Dr Samira Alani, a paediatric specialist at Fallujah General Hospital, has taken a personal interest in investigating an explosion of congenital abnormalities that have mushroomed in the wake of the US sieges since 2005.

“We have all kinds of defects now, ranging from congenital heart disease to severe physical abnormalities, both in numbers you cannot imagine,” Alani told Al Jazeera at her office in the hospital, while showing countless photos of shocking birth defects.

As of December 21, Alani, who has worked at the hospital since 1997, told Al Jazeera she had personally logged 677 cases of birth defects since October 2009. Just eight days later when Al Jazeera visited the city on December 29, that number had already risen to 699.

“There are not even medical terms to describe some of these conditions because we’ve never seen them until now,” she said. “So when I describe it all I can do is describe the physical defects, but I’m unable to provide a medical term.”

Most of these babies in Fallujah die within 20 to 30 minutes after being born, but not all.

Four-year-old Abdul Jaleel Mohammed was born in October 2007. His clinical diagnosis includes dilation of two heart ventricles, and a growth on his lower back that doctors have not been able to remove.

Abdul has trouble controlling his muscles, struggles to walk, cannot control his bladder, and weakens easily.

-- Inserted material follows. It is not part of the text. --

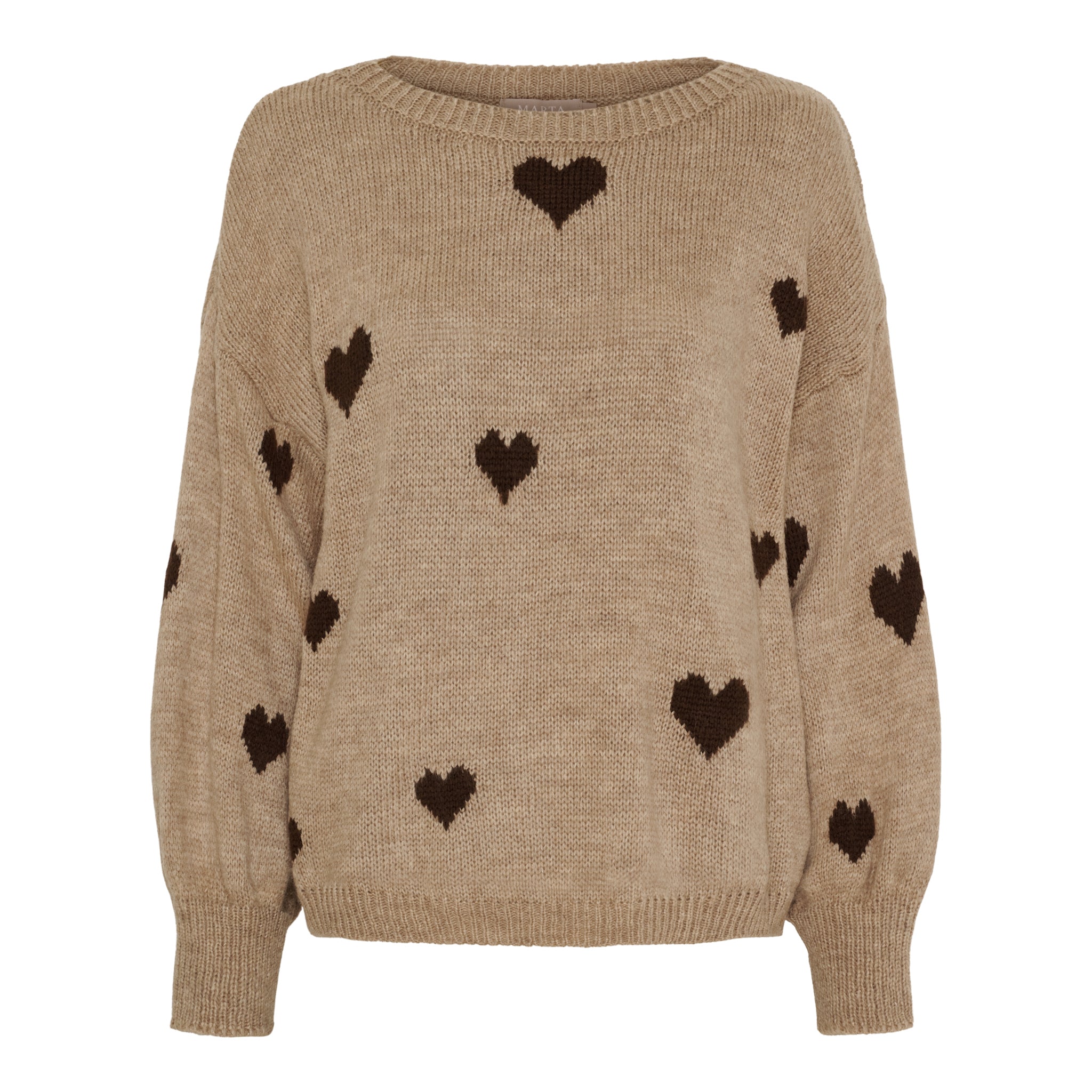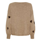 Denne søde striktrøje bringer både varme og personlighed ind i din garderobe. Den er designet med et blødt strikmønster og dekoreret med fine, kontrastfarvede hjerter, der tilfører et feminint og legende udtryk. En oplagt favorit til afslappede dage og hyggelige stunder.

Doctors told his father, Mohamed Jaleel Abdul Rahim, that his son has severe nervous system problems, and could develop fluid build-up in his brain as he ages, which could prove fatal.

“This is the first instance of something like this in all our family,” Rahim told Al Jazeera. “We lived in an area that was heavily bombed by the Americans in 2004, and a missile landed right in front of our home. What else could cause these health problems besides this?”

Dr Alani told Al Jazeera that in the vast majority of cases she has documented, the family had no prior history of congenital abnormalities.

Alani showed Al Jazeera hundreds of photos of babies born with cleft palates, elongated heads, a baby born with one eye in the centre of its face, overgrown limbs, short limbs, and malformed ears, noses and spines. [H/t Mondoweiss]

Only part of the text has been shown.